Composted Animal Manure as Source of Crop Nutrients

Animal manure is an organic by-product of livestock industry containing many valuable macro (N, P, K) and micro nutrients (boron, calcium, copper, iron, magnesium, manganese, molybdenum, sulfur, zinc). It is one of the most economical sources of crop nutrients. The organic matter (an important component of soil fertility) and plant nutrients added to soil through animal manures can prove an asset rather than a liability for producers. Organic matter improves soil tilth, increases water-holding capacity, lessens erosion, improves soil aeration and has a beneficial effect on soil microorganisms and plants. There are about 1.3 billion cattle worldwide, slightly more than 1 billion sheep, around 1 billion pigs, 800 million goats and 17 billion chickens (FAO). As per estimates they produce around 13 billion tons of fecal matter each year. Untreated manures can cause (i) leaching of nitrates and pathogens into groundwater (ii) their direct application to soil can result in oversupply of nutrients that can damage the soil fertility. In many parts of Asia as much as 25 % of the entire crop have already suffered from excess phosphorous added through animal manures. The effective management of animal manures is a matter of concern and needs some low labor intensive economical technology.

Composting is an effective manure management tool that recycles nutrients and stabilizes them, reduces volume, kills pathogens and weeds seeds. The process of composting involves the aerobic decomposition of organic materials by different group of microorganisms under controlled conditions. During the decomposition of organic-by products, the microorganisms feed on organic matter while using oxygen. The heat generated during the active process of composting can kill Escherichia coli, Salmonella and Listeria monocytogenes, the commonly found pathogens. However, the high moisture content, the low C: N ratio and low porosity are some of the physical characteristics that need to be taken care of before composting solid animal manures.
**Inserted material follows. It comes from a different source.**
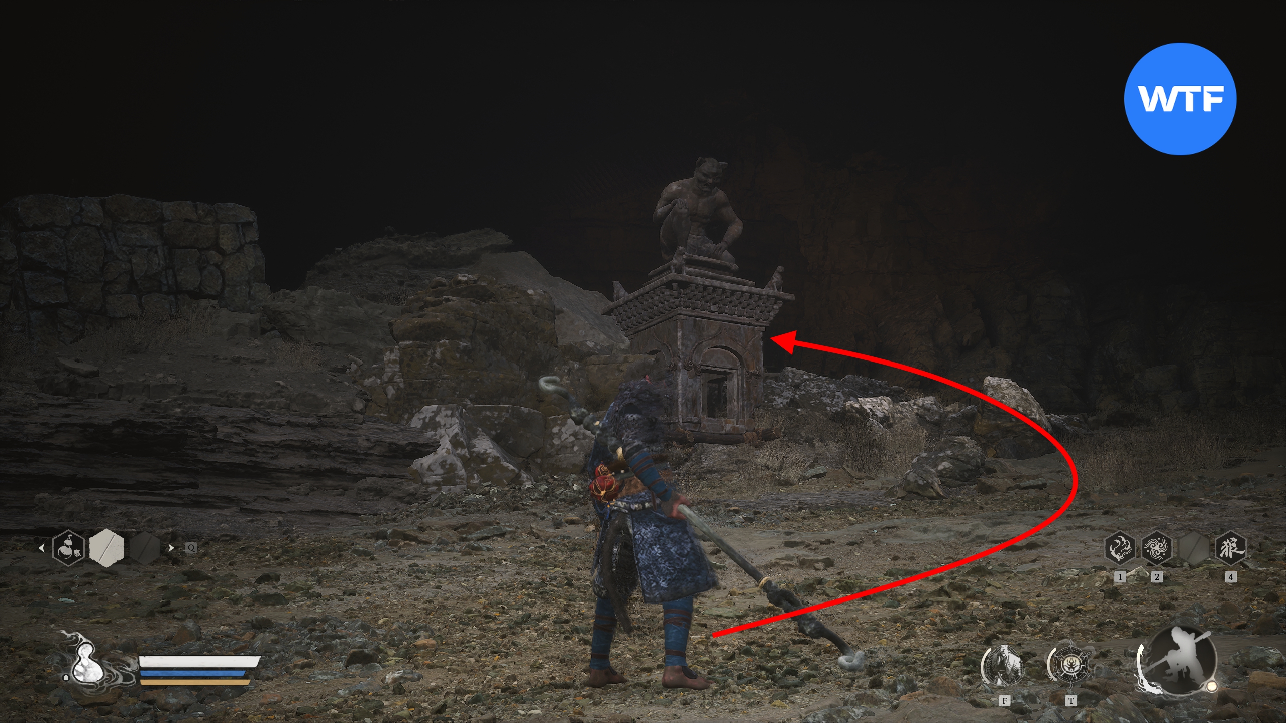 Станьте лицом к алтарю «Скала страха [Пристанище ветров]» и на этот раз бегите в пещеру слева. Доберитесь до каменной статуи со скриншота 2 и за ней сразу же поверните налево. Там вы найдете голову с четвертым оком будды.

The mixing of animal manures (in appropriate ratio) with some bulking agent such as cereals straw (C: N ratio > 80 :1) can reduce the high C:N ratio of latter to 50:1 (desirable ratio to initiate decomposition). In addition, the high moisture content and low porosity of animal manures gets amended by mixing them with cereal straw, thereby improving the physical structure of composting mixture. Urban residues such as leaves and grass clippings can also be used as co-composting substrates to produce soil amendments high in organic-matter content. The process of composting can be carried out in pits or heaps depending upon the availability of space and the process can be accelerated by inoculation with cellulolytic /lignolytic microbial consortium (Aspergillus sp., Phanerochaete chrysosporium, Pleuretus sajor caju and Polyphorus varsicolor, Trichoderma sp.). The moisture content of the composting mixture should be around 60-65 % and air needs to be incorporated routinely by turning the mixture at fortnightly intervals. The compost with high humus content gets ready with in 90 days. However, the quality of the compost is very important, to avoid phytotoxicity and nitrogen immobilization. Ultimately it is the quality of compost that supports soil fertility in organic agriculture. The proper use of composted animal manures can improve the physico-chemical and biological properties of soil, retain nutrients and help in proliferation of beneficial microbial communities besides reducing wind and water erosion.

Application of straw-manure compost to cultivable soil should be based on the nutrient requirements of the crop. Most crops need a nitrogen-to-phosphorus (N: P) ratio of 7- 10: 1, whereas composted manures commonly have an N : P ratio of 1-2: 1. To prevent nutrient loading and high levels of phosphorus that can accumulate when manure application is ill managed and not properly monitored, nutrient management plans may be based upon phosphorus management.

The influence of compost can vary depending on its quality, the soil parameters, and the utilization strategy. Testing soil for nutrients can alleviate nutrient loading.

• Analyze the soil for pH, residual N, available P and K.
• Analyze manure for dry matter contents as well as N, P, and K contents.
• Applying composted manure just before planting or at peak growing stages gives plants the best opportunity to use the nutrients. It also reduces the chance of nutrient run off.
• Too much manure may be harmful to the water supply and too little may not meet the crop requirements.
• Use supplemental fertilizer if needed: If application rates are based on phosphorus, extra N may be needed. P and K can buildup in the soil if manure is used to meet the N needs of a crop.